Длинная черная тень змеёй выползла из-под кровати и потянулась по направлению ко мне, словно аккумулируя вокруг себя темноту. Лампочка тревожно мигнула. Мигнула и погасла. Меня бросило в холодный пот, я бросилась к выключателю основного света в комнате, но добежав до стены, услышала скрип кровати и обернулась.
Черная тень вылезла уже наполовину. Её абсолютная чернота буквально светилась мраком, разливая темноту по всей комнате и даже свет луны, пробивающийся сквозь муть оконного стекла, не спасал предметы от поглощения мраком.
Быстро стукнув ладонью по выключателю, я зажмурилась от яркого света, буквально на мгновение увидев скелетированное тело, обтянутое тонким серовато- бежевым пергаментом кожи, а когда открыла глаза, никого уже не было. В комнате я была одна.
***
Было уже около трех часов ночи, я переписывалась с человеком, которого любила больше всего и того, кто совершил надо мною страшное зло. Я, поймав себя на мысли, что это нужно записать, склонилась над дневником (ведь это тоже приносило мне боль):
Когда мы познакомились в игре, через сайт с письменными ролёвками, он был мил и прекрасен: писал мне стихи, говорил слова любви. Казалось, он был влюблён в меня так же, как я в него. Он был из другого города и, по началу, он не верил, что я приеду к нему.
Но в один замечательный день, я это сделала.
Мне было дико тяжело выйти одной на улицу: всю жизнь я была, в прямом смысле, домашней девочкой и одна никогда не выходила даже в магазин. Но тяга и любовь к нему изменили меня.
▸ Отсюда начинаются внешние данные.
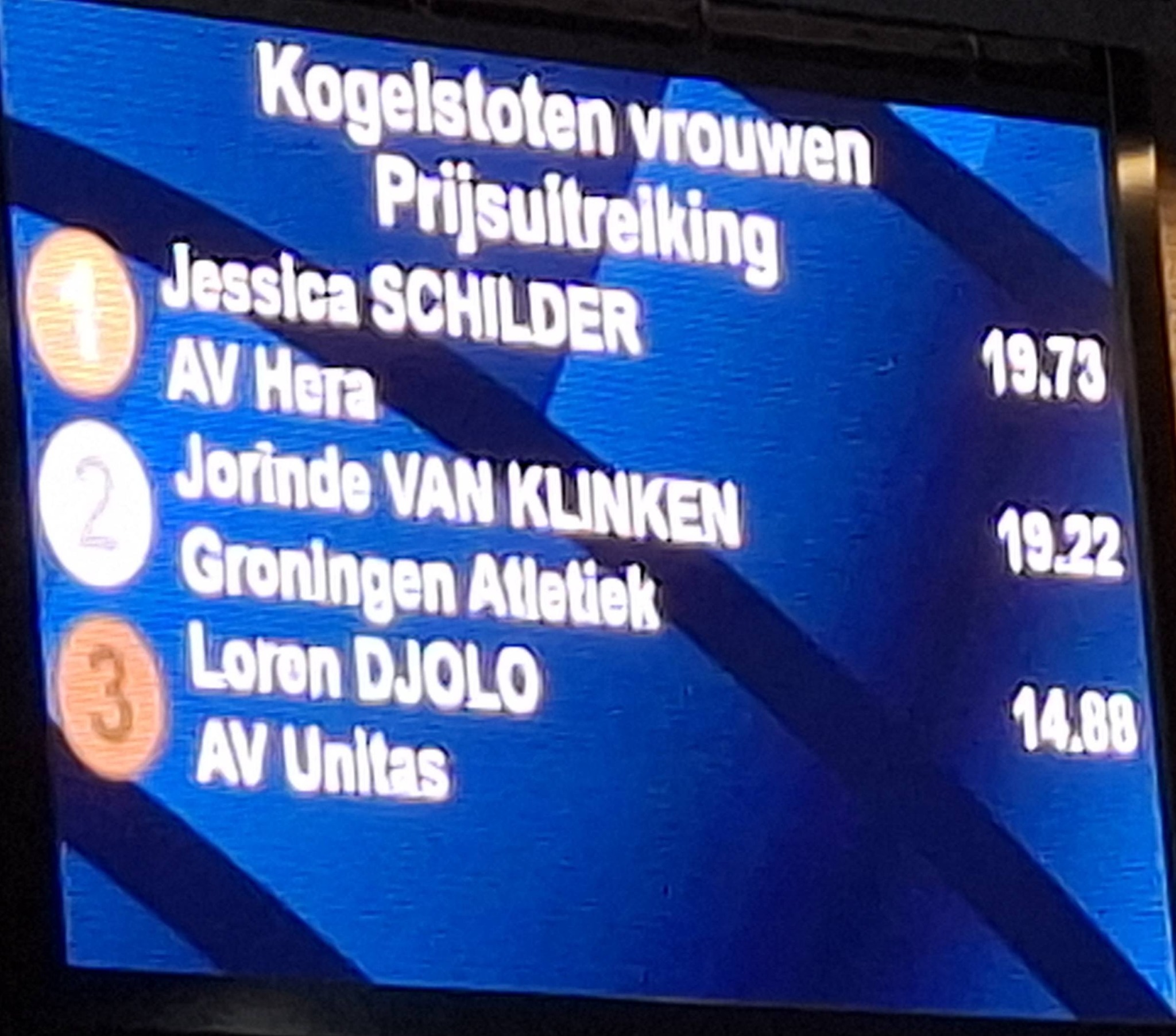Het was niet best, oordeelde Jessica Schilder. Maar haar eerste worp op het NK bleek zaterdag voldoende om toch ’gewoon’ de titel te veroveren in het kogelstoten, zoals iedereen dat ook van de 26-jarige Volendamse verwachtte. Haar eerste poging leverde een afstand van 19,73 meter op en eigenlijk was daarmee alle spanning uit de strijd verdwenen. Schilder had woensdag al een wedstrijd gedraaid en dat voelde ze zaterdag nog. Ondanks de vermoeidheid had ze geen moment getwijfeld om mee te doen: ,,We zijn allemaal wel eens moe. Ik vond het belangrijk om hier te zijn, om de jeugd te inspireren’’, meldde ze in de catacomben van Omnisport in Apeldoorn.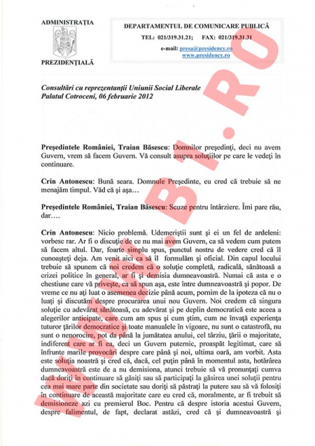 Victor Ponta a cerut sa vada stenogramele consultatiei de la Cotroceni din data de 6 februarie, convins ca Traian Basescu minte. Insa, luni, presedintele PSD a declarat ca stenogramele sunt adevarate, dar insuficiente, dorind sa i se puna la dispozitie atat inregistrarile de la intalnirea cu Opozitia, cat si cele de la discutiile cu celalalte partide.

В один замечательный день я просто вышла на улицу, отпросившись на весь день к однокласснице, просто купила билеты на электричку и просто приехала в его город. Сначала он не верил в это. Да и я не верила. Но так случилось. Я позвонила ему и мы встретились.
Мы гуляли по парку, стыдливо держась за руки, наперебой рассказывая друг другу о том, как счастливы видеть друг друга, пришли к нему домой и пили чай.
На третье наше свидание мы поцеловались. Это был самый неуклюжий и самый первый поцелуй в моей жизни, но чёрт возьми, он был такой чувственный и настоящий. И я была настоящей.
С тех пор я приезжала к нему и мы гуляли, веселились и целовались, но потом… Потом всё становилось всё хуже и хуже. И хуже. И хуже…
В один из моих приездов к нему, он просто взял и связал мне руки, заткнул рот, завязал глаза. Раздел догола. И…
Из пучины воспоминаний меня выдернул лай с собачьей площадки, что находилась прямо под окном. По тряся головой, я подумала:
— Ну какого черта, в такое время кто-то решил выгулять свою псину?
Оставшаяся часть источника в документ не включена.